I did this the first time, only without removing the PSU. And because everything was so close together, there were clearly times when pieces were pushing against other parts of the case. But with the Compute Element out, I installed two SO-DIMMs (for a total of 64 GB of RAM) and a 512 GB Patriot PCIe 3.0 SSD. I then reassembled everything, installed an RTX 2060 GPU (the only graphics card I had on hand that was thin enough to hold), and carefully reassembled the whole thing.

Turn on the NUC 12 Extreme (or try to do so)

With everything back in place (or so I thought) and the power supply plugged in, I powered up the system – or at least attempted to. The GPU fans started, but the chassis fans did not, and the system did not boot. After disassembling the NUC 12 Extreme Kit again, I carefully examined the compute element and the rest of the internals, eventually noticing a yellow three-pin jumper, with its three pins still intact, sitting on the bottom of the chassis.

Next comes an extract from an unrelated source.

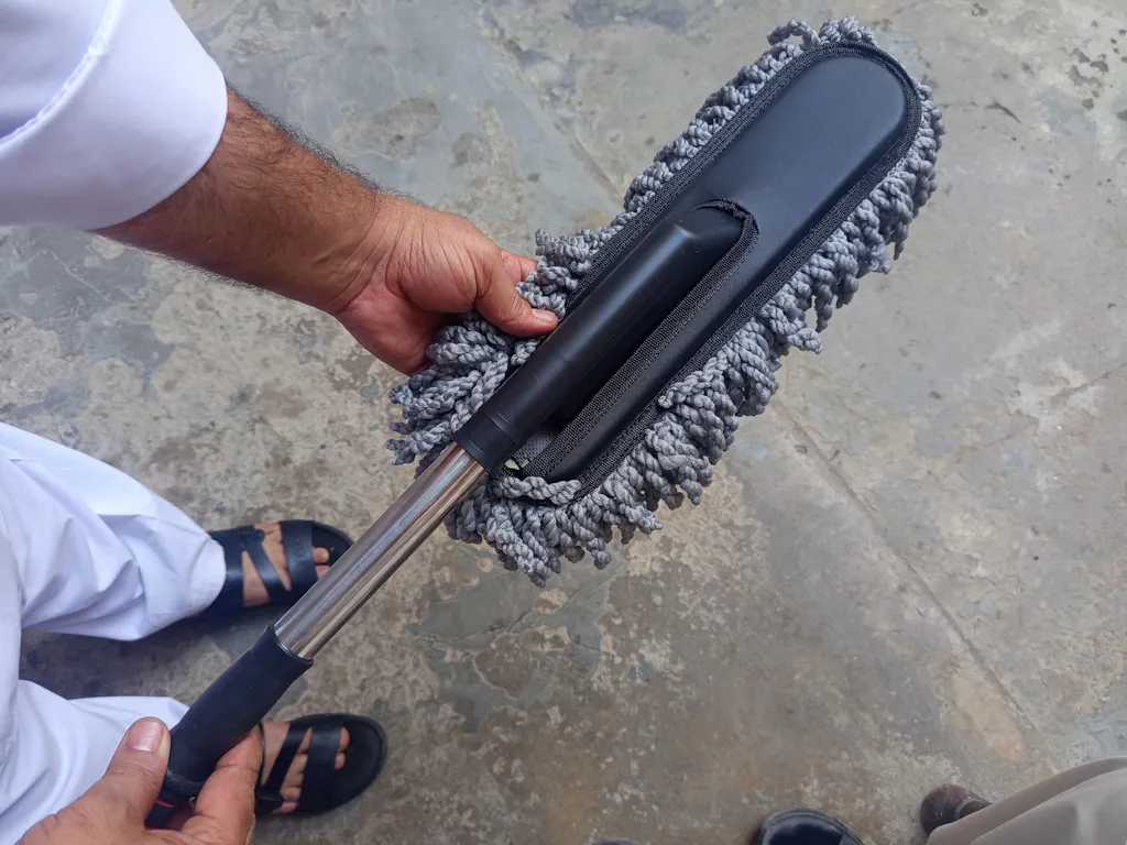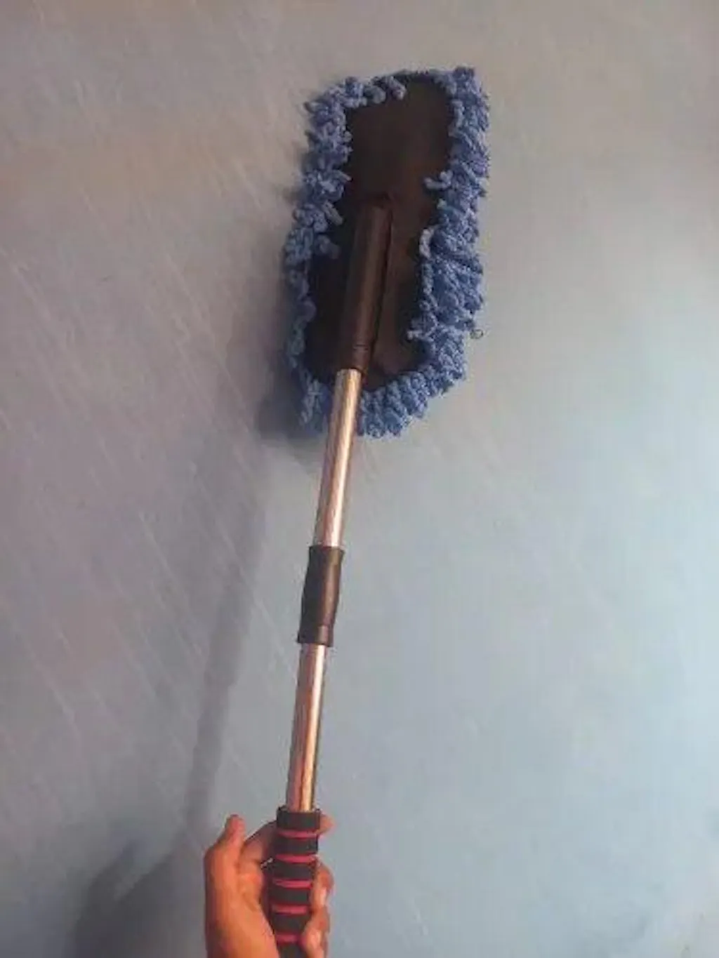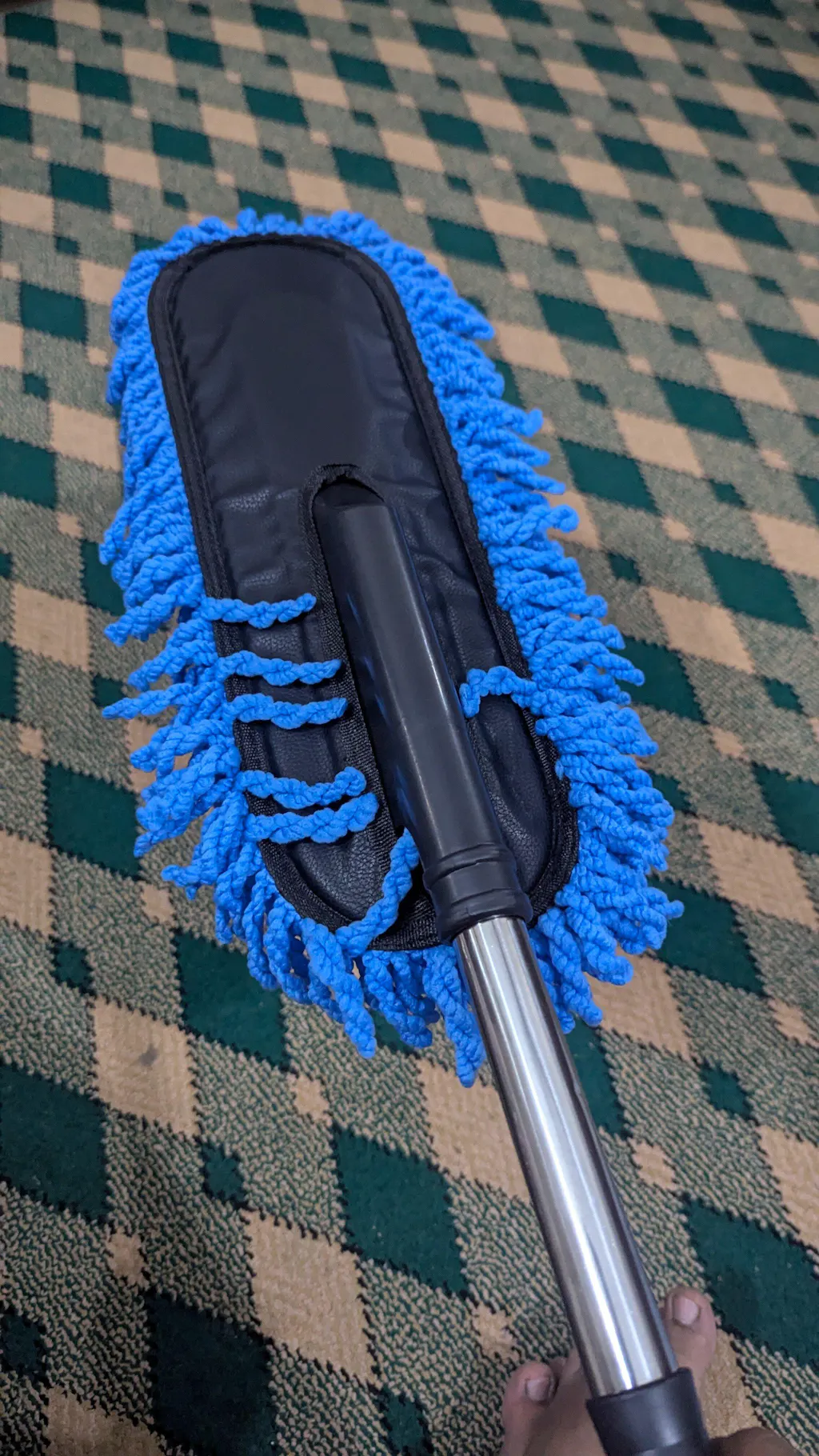 Clean your car easily at home with this scratch-free microfiber car duster. The soft microfiber head safely removes dust, dirt, and water marks without damaging the paint. Its extendable handle helps you reach the roof, windshield, and other hard-to-clean areas with ease.

After some back and forth with an Intel rep, they confirmed it was the “recovery jumper”, which is normally found at the end of the board, near a few of those little cables. header that connect bits of the compute element to the front-panel parts of the case. It must have been snagged when I first removed the item. Obviously that was the reason the kit wouldn’t start.

(Image credit: Tom’s Hardware)

Intel sent us a second unit of the NUC 12 Extreme, but it arrived less than 24 hours before launch, so we haven’t had a chance to test it yet. We’re working on it, so stay tuned for some benchmarks.

But one thing I can say is that the NUC 12 Extreme Dragon Canyon is probably the densest, most complicated PC I’ve dealt with in my nearly 14 years of professional consumer tech coverage. It’s not for the faint-hearted, and its setup is much more like what you might expect from attempting to repair stereo gear than building a PC.

That, plus the fact that it’s so expensive ($1,450, with no GPU, storage, RAM, or OS), means most people would be better off going with something like Corsair’s One i300. ‘they want a compact, powerful PC for gaming or other intense workloads. This system is also very expensive, but it offers much better (liquid) cooling for both the CPU and the graphics card. And while it’s a bit taller, its vertical orientation means it’ll take up much less space on your desk or floor than the NUC 12 Extreme. Plus, you’re much less likely to damage the Corsair system during a complicated teardown, because it’s fully assembled and ready to go.